Small used car sellers offer lease-to-own or rent-to-own programs to people who cannot qualify to purchase cars from dealers that have tougher requirements for credit history and employment. Lease-to-own agreements differ from the standard vehicle lease agreements offered by automobile dealers. Standard lease agreements require monthly rental payments to use a car that is owned by the dealer and, if the agreement includes a purchase option, you may choose to buy the car at the end of the lease period. The lease-to-own agreement requires you to purchase the car or lose your investment.
With a lease-to-own program, individuals with less than perfect credit are given a chance to make payments on a car until it is completely paid off. The dealer will hold the title until the final payment is made.
Used car dealers market the lease-to-own offer to buyers with financial challenges, such as those with bad credit or no credit. The dealer keeps the title and owns the vehicle for the life of the agreement. Buyers are promised low biweekly or monthly payments. The dealers require no down payment or a very low down payment. Buyers do not pay finance charges, property taxes or fees during the agreement period.
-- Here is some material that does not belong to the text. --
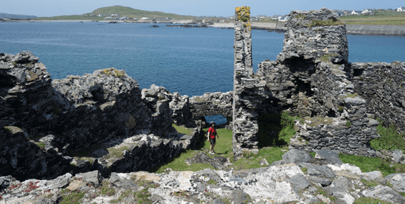 Fiona exploring the ruins of Cromwell Barracks while listening to the calls of the rare Corncrake bird.

Lease-to-own agreements require buyers to make lease payments over a two-year period. After successful completion of the two-year lease period, the buyer receives the vehicle title and is owner of the car. The lease agreement usually includes strict requirements for on-time payments. One late payment can result in cancellation of the purchase portion of the agreement and loss of the payments you already have made.
Risks of Lease-to-Own
Lease-to-own dealers often describe their offer as a better deal for buyers than the high finance rates charged by “buy-here-pay-here” used car lots, which also target credit-challenged buyers. However, lease-to-own car dealers often also are buy-here-pay-here lots and present many of the same dangers for consumers. Both types of dealers use immobilizer devices to prevent you from driving the car if your payment is late. The buyer must pay fees for towing and to turn off the immobilizer device before retrieving the car. If your lease-to-own agreement is canceled, the dealer might allow you to make another down payment and enter into a new two-year agreement to buy the same car.
Risks of Overpayment
Buyers of rent-to-own vehicles usually overpay for the used vehicles they purchase. Payments often are higher than advertised, and the fees can add up, causing high default rates. Frequent repossessions allow dealers to resell cars many times. These dealers do not report your payments to credit agencies, so the purchase does nothing to improve your credit rating or establish credit.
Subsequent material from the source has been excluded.